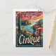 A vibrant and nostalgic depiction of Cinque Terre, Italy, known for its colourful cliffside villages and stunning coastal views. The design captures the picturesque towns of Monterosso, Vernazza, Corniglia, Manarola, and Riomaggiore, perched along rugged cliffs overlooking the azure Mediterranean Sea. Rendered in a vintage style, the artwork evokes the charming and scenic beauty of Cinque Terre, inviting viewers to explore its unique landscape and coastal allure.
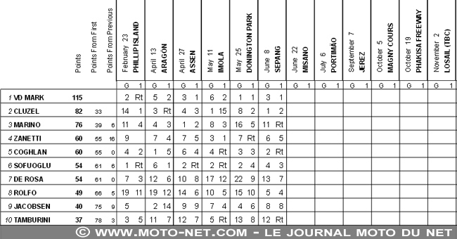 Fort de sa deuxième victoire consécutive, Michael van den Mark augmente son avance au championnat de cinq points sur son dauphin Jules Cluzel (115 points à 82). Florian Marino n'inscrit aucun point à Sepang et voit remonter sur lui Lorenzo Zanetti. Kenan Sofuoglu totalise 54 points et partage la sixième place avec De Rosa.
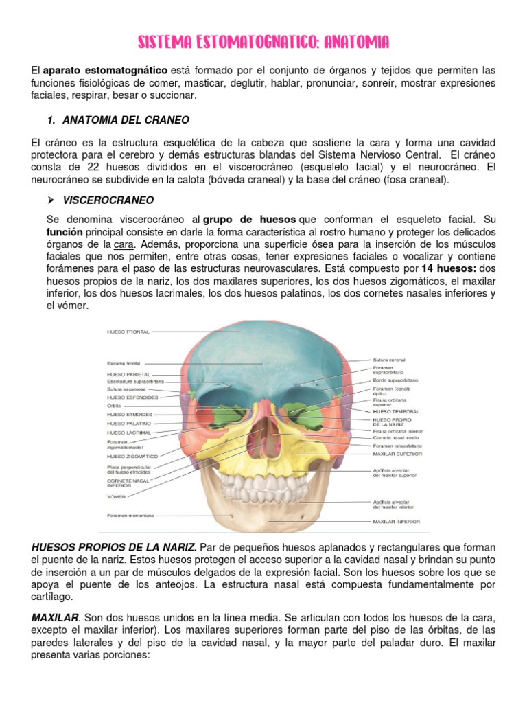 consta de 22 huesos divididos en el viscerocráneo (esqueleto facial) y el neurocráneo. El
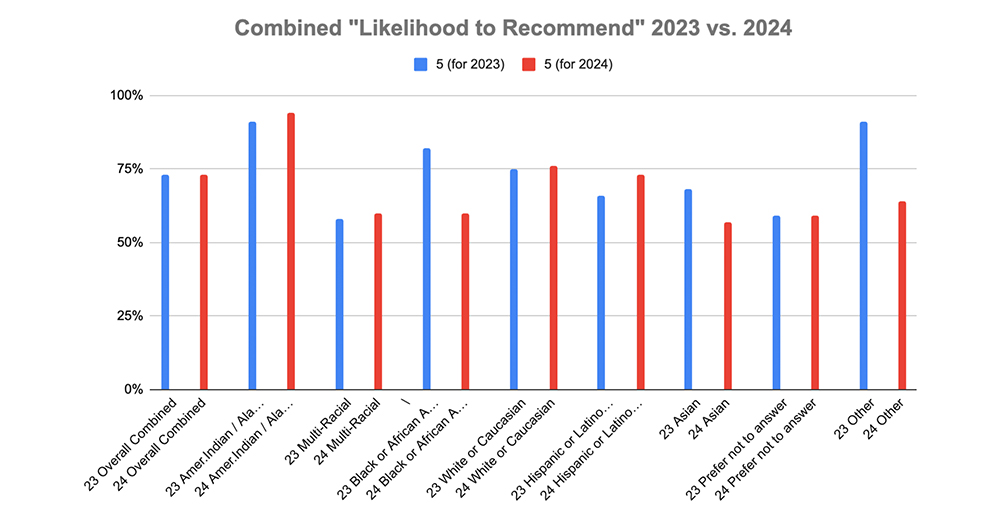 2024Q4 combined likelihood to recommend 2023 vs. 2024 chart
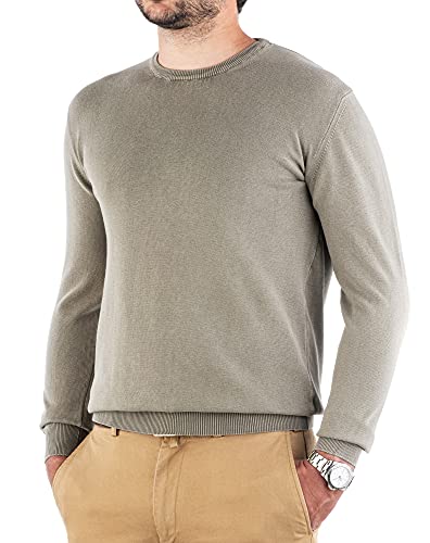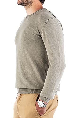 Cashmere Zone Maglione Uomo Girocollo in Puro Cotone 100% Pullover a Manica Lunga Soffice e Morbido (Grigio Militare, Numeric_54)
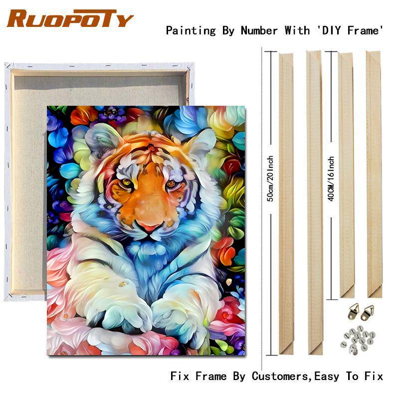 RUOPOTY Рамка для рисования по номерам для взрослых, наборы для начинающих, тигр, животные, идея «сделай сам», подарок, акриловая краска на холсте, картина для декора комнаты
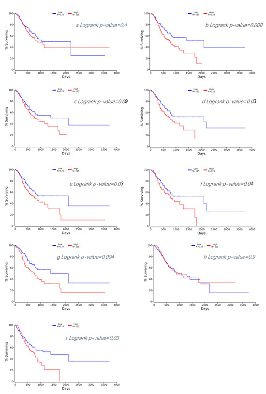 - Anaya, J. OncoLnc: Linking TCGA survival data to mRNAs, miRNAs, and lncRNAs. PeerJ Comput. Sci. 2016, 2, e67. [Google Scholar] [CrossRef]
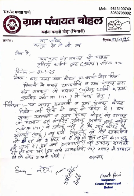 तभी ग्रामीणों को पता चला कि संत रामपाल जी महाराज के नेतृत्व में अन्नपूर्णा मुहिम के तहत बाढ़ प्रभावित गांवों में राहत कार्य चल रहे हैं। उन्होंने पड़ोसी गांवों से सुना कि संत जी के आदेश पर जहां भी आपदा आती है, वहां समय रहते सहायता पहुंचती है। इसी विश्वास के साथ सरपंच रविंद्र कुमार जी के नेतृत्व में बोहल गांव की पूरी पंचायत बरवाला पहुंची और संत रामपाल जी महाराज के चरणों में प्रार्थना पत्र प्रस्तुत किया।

-------------------------

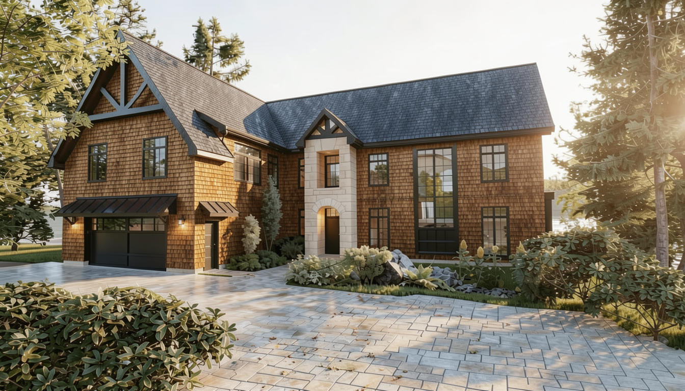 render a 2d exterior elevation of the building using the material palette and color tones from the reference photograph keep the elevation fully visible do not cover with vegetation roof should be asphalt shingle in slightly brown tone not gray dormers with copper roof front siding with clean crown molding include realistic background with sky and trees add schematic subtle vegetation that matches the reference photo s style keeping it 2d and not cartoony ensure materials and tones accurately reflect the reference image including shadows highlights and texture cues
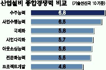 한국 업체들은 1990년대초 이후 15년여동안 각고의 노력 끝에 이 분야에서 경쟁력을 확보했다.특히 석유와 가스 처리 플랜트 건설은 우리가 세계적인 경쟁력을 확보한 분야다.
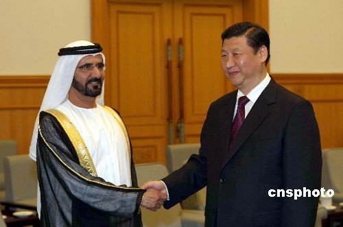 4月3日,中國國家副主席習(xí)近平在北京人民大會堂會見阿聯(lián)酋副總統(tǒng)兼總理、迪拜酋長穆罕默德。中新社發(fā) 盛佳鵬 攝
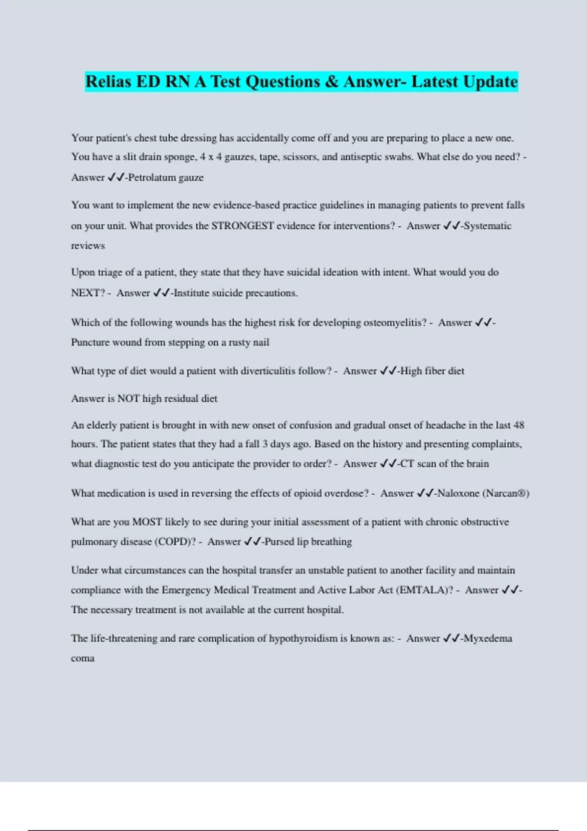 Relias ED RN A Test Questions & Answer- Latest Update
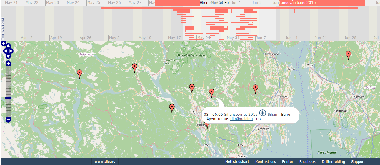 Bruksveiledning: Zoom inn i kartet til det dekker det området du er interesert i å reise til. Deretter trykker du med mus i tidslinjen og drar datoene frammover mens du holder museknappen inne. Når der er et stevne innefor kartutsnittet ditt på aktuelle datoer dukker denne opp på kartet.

-------------------------

From the material above, give again exactly the lines from the one that contains "render a 2d" through the one that contains "한국 업체들은 1990년대초", and leave out the pictures.

 render a 2d exterior elevation of the building using the material palette and color tones from the reference photograph keep the elevation fully visible do not cover with vegetation roof should be asphalt shingle in slightly brown tone not gray dormers with copper roof front siding with clean crown molding include realistic background with sky and trees add schematic subtle vegetation that matches the reference photo s style keeping it 2d and not cartoony ensure materials and tones accurately reflect the reference image including shadows highlights and texture cues
 한국 업체들은 1990년대초 이후 15년여동안 각고의 노력 끝에 이 분야에서 경쟁력을 확보했다.특히 석유와 가스 처리 플랜트 건설은 우리가 세계적인 경쟁력을 확보한 분야다.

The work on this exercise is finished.